-- Given data follows --

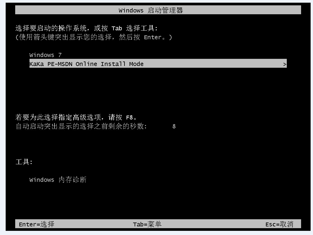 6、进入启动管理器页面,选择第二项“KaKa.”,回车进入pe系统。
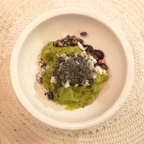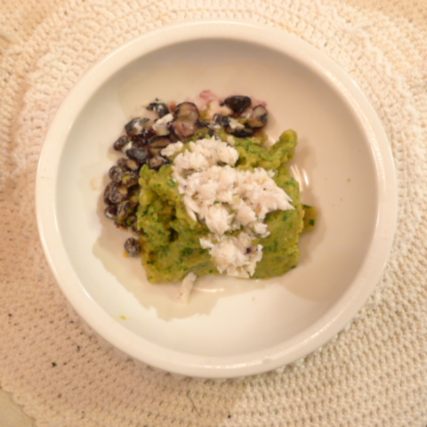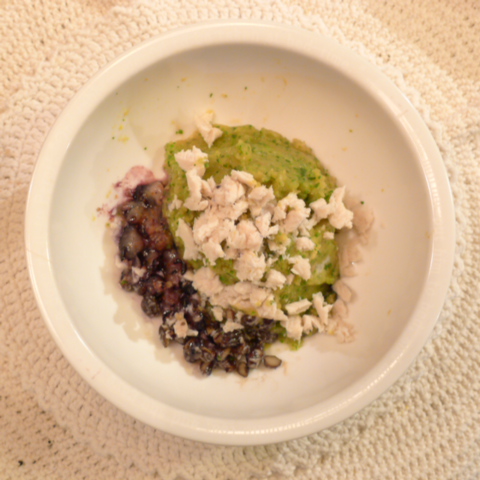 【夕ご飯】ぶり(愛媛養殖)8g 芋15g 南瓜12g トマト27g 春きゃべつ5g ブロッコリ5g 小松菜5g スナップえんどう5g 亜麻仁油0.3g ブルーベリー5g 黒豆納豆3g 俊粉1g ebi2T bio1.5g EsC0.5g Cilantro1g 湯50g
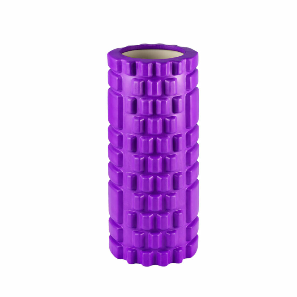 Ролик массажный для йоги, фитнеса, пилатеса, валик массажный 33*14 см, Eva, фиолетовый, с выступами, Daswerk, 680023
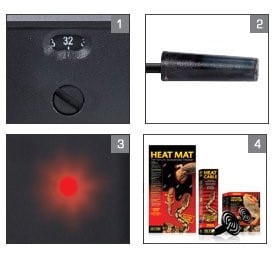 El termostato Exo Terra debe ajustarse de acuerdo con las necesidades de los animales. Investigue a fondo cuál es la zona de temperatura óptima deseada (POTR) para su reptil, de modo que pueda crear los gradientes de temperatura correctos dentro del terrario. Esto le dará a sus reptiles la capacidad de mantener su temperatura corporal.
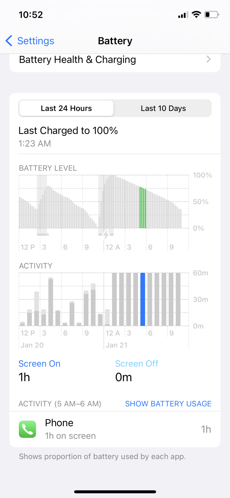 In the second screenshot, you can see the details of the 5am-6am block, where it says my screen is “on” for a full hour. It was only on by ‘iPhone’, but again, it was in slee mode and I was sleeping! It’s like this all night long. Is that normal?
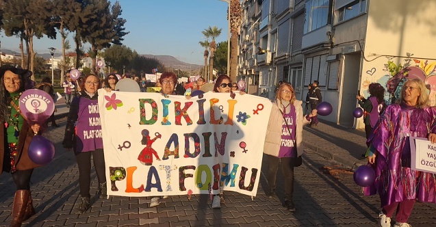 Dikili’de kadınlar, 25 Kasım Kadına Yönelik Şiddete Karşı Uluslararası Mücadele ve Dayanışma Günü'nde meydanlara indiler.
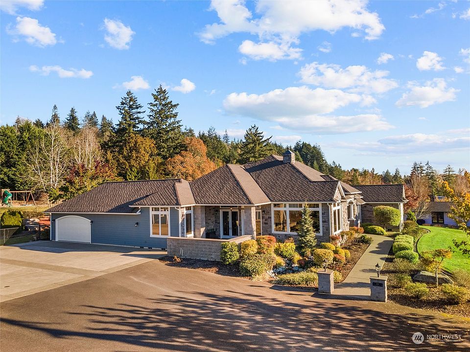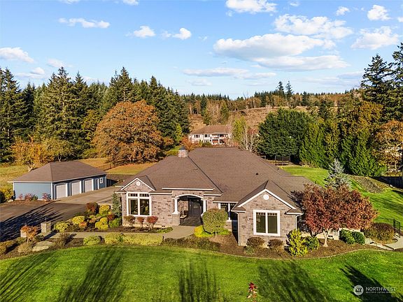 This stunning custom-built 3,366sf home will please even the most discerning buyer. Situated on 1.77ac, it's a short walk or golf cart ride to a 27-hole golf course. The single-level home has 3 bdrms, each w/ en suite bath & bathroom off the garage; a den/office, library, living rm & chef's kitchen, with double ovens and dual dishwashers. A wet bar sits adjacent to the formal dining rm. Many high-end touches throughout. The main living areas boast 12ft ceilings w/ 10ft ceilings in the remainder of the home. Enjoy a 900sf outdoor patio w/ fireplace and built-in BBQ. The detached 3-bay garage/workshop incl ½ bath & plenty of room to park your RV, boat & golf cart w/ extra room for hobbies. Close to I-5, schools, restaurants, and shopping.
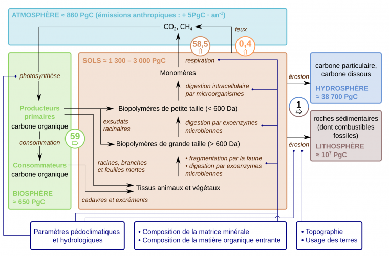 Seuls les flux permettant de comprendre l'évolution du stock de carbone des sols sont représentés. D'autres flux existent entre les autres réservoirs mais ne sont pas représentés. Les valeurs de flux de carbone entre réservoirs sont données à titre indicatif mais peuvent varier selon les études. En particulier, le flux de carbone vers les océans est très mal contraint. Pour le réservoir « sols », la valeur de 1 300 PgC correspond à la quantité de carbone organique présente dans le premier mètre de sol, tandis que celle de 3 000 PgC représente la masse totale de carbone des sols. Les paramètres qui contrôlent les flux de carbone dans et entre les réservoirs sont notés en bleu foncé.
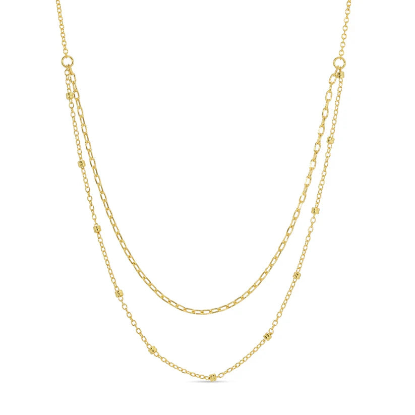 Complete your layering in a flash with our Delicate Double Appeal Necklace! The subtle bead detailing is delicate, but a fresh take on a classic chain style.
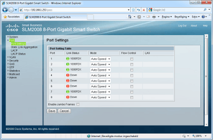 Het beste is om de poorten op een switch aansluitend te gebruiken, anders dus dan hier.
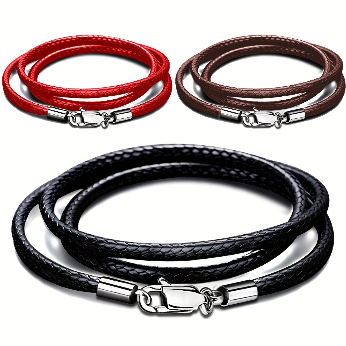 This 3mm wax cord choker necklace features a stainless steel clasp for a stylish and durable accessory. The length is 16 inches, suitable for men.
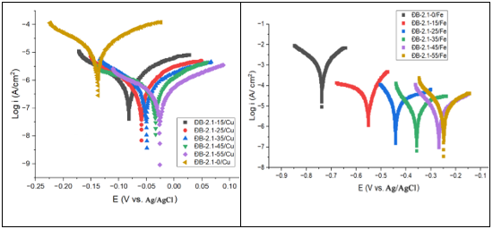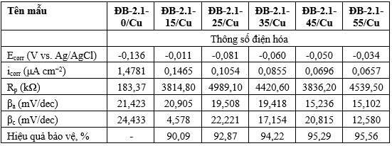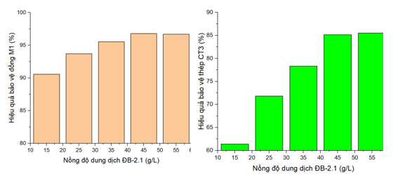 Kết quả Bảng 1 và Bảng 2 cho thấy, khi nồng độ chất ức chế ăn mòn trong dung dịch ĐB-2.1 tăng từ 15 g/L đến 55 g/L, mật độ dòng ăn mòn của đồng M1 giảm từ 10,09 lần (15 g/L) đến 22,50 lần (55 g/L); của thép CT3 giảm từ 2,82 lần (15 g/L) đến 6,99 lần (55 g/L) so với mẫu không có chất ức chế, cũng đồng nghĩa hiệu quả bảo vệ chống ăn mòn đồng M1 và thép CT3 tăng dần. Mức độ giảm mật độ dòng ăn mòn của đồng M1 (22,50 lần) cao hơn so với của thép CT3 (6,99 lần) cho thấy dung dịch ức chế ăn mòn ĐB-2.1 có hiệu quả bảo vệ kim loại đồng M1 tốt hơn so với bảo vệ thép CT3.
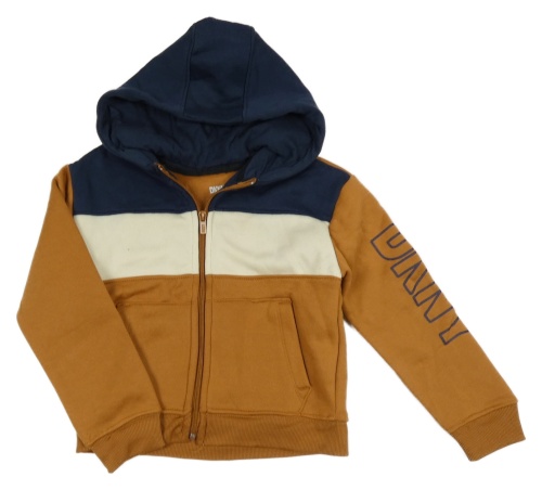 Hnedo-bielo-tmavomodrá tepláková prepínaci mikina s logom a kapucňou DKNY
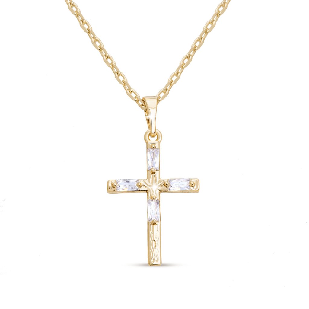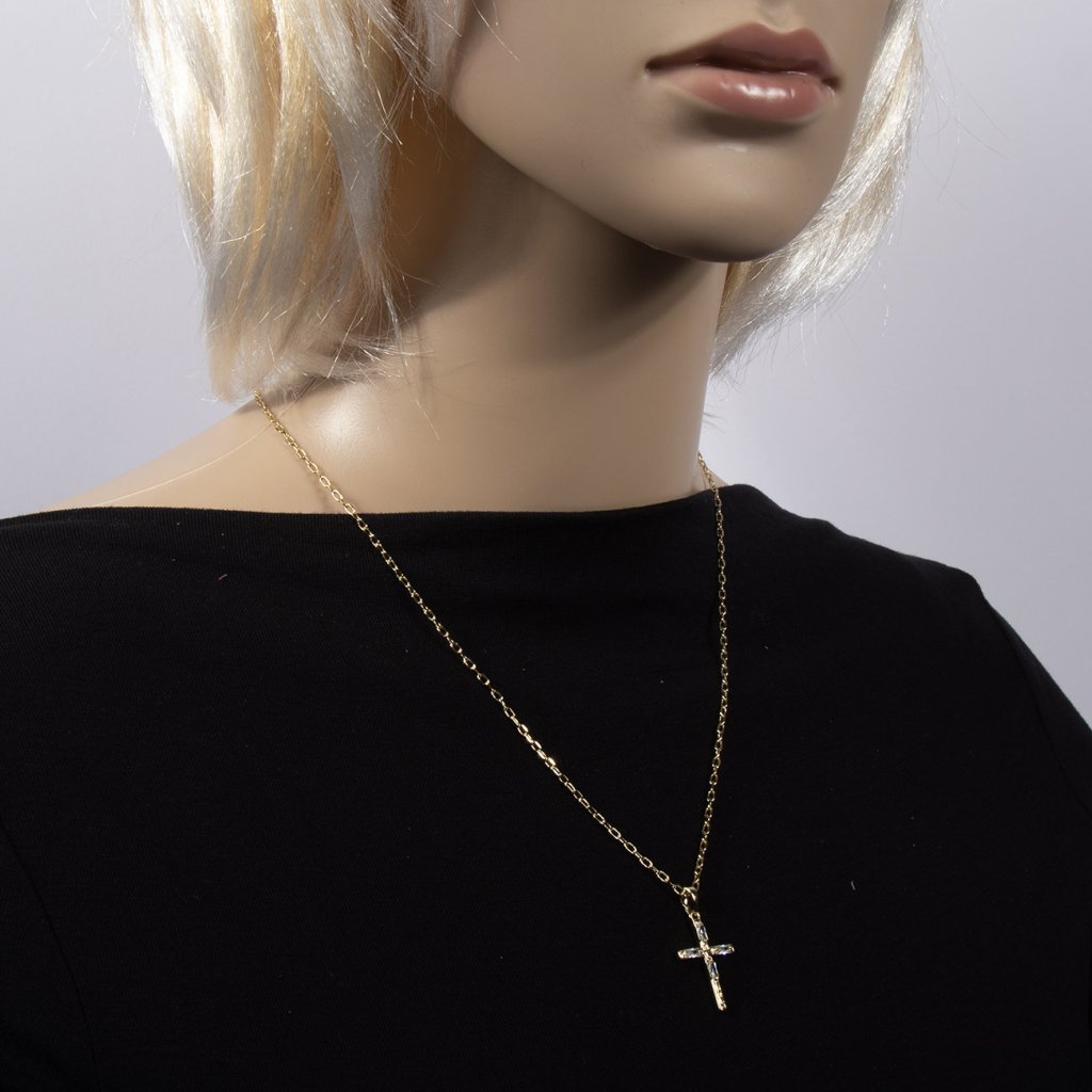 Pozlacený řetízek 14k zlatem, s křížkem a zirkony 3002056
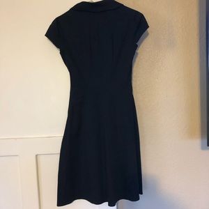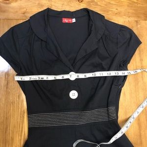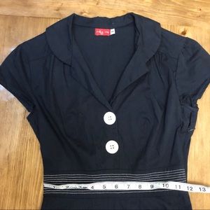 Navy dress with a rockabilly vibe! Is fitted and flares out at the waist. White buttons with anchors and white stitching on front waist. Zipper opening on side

-- Given data concluded --

> What you will do
Write down exactly what the lines above say, from the line holding "Ролик массажный для" through the line holding "In the second", and nothing more. Do not copy the pictures.

> Completed task
 Ролик массажный для йоги, фитнеса, пилатеса, валик массажный 33*14 см, Eva, фиолетовый, с выступами, Daswerk, 680023
 El termostato Exo Terra debe ajustarse de acuerdo con las necesidades de los animales. Investigue a fondo cuál es la zona de temperatura óptima deseada (POTR) para su reptil, de modo que pueda crear los gradientes de temperatura correctos dentro del terrario. Esto le dará a sus reptiles la capacidad de mantener su temperatura corporal.
 In the second screenshot, you can see the details of the 5am-6am block, where it says my screen is “on” for a full hour. It was only on by ‘iPhone’, but again, it was in slee mode and I was sleeping! It’s like this all night long. Is that normal?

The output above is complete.